In a “reality check” memo, spokesman Sean Spicer says such talk “rooted in neither facts nor precedent,” specifically targeting four myths as the party sees it.

Spicer starts with the notion that a long primary hurts the party, a point he says is easily dismissed if one looks just four years ago at the Democratic clash of the titans between Hillary Clinton and Barack Obama.

“Until the very end, Clinton and Obama were haggling over Superdelegates, waging searing attacks, and griping over DNC rules and bylaws as they scrambled for every last vote,” he writes. “The fights got personal, and the internecine battle was waged publicly in debate after debate and in the endless news coverage.”

But ultimately Obama won the White House, and the party added seats in the House and Senate.

The companion myth is that a short primary process helps the party. And again, he points to 2008, noting that by early March John McCain had locked up his party’s nomination. And four years earlier, the same was true for John Kerry as Democrats sought to unseat an incumbent. And yet George W. Bush ended up winning more states that year than he did in 2000.

The next myth is a sensitive one to the party headquarters: that rules changes adopted at the 2008 convention caused issues with the current calendar. To dispel it, he points to California, which chose to move its primary from February to June not because of party rules, but state finances.

Finally, Spicer disputes talk of a GOP electorate increasingly dispirited by the intense GOP fight. As evidence, he points to a new Gallup poll that showed Republicans were more enthusiastic about the 2012 election than Democrats, by a margin of 53-45%.

“We’ve only been at this for two months, and 172 out of 2286 delegates have been awarded. In a few more months, the primary will seem like a distant memory,” Spicer concludes. “Ultimately, one of the four current candidates will be the Republican nominee. Our party will then unite 100% around him. The momentum and enthusiasm of the primaries will carry us forward toward victory in November and on to the White House.”

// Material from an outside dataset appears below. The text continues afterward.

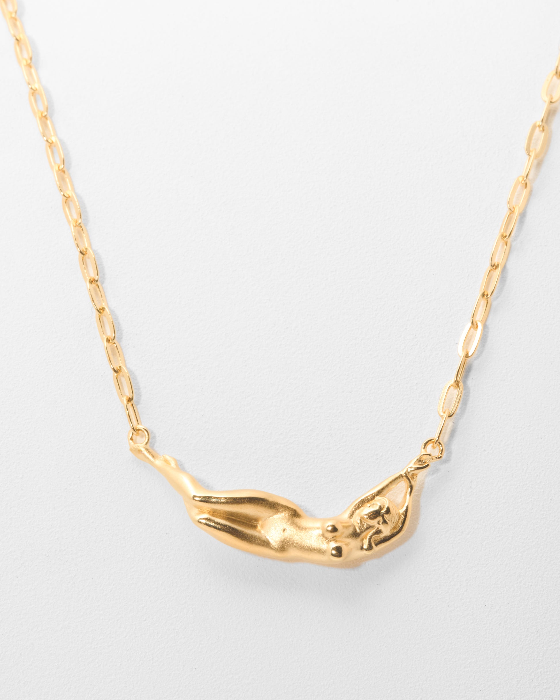 Made by Awe Inspired, this 14K gold vermeil necklace depicts a sculptural figure of a woman lying on her side. The form of the woman is slightly curved, and the chain connects at her hands and at her feet. Her face is gazing upwards, with her styled hair falling on her shoulders. This necklace is intended to be a depiction of the divine feminine form and is a truly unique work of art. It sits on an 18-inch adjustable paperclip chain.

Spicer’s memo reflects the concerns other senior party figures have raised about the GOP fight -- including McCain himself.

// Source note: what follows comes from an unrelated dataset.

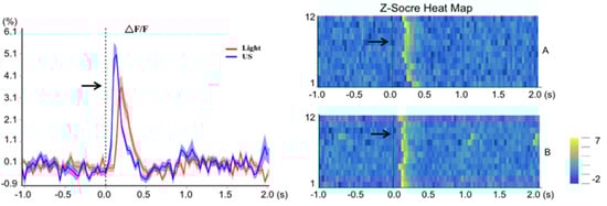 The photometry results can be seen in Figure 5, which illustrates the neuronal response evoked by both light stimulation and US. The pre-trigger signal indicated by the arrow represents the actual US given. A Z-Score heatmap was calculated based on the normalized data counts across 12 trials in each group. Notably, US (30 ms) evoked a faster neuronal response in the VC than light stimulation, which also corresponded to the EEG signal shown in Figure 4 for demonstrating a more rapid response to US.

On the “Tonight Show” this week, says the expensive fight -- fueled by “super PAC” money, has hurt the candidates with independent voters, all to Obama’s benefit.

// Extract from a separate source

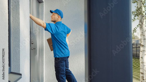 Delivery Man Holding Card Board Package and Knoks to the House. Delivering Postal Parcel. In the Background Beautiful Suburban Neighbourhood. Side View

At the National Governors Association meeting, Maine Gov. Paul LePage said the candidates will be so damaged by the end of the process the party may want to consider putting forth a new face at the convention in August.

Jeb Bush, one of the “white knight” possibilities some in the party would like to turn to, also expressed regret about the tenor of the debates.

“It’s a little troubling sometimes when people are appealing to people’s fears and emotion rather than trying to get them to look over the horizon for a broader perspective,” he said in Dallas recently, according to reports.

The primary won’t end anytime soon. According to the RNC’s most recent tally, Mitt Romney leads the field with 118 delegates, followed by Newt Gingrich with 29, Rick Santorum with 17, and Ron Paul with 8. Another 211 delegates remain unbound, mainly from earlier caucuses.

Today, Washington state holds its own non-binding caucuses. More than 400 delegates are at stake on Super Tuesday in primaries and caucuses in 10 states.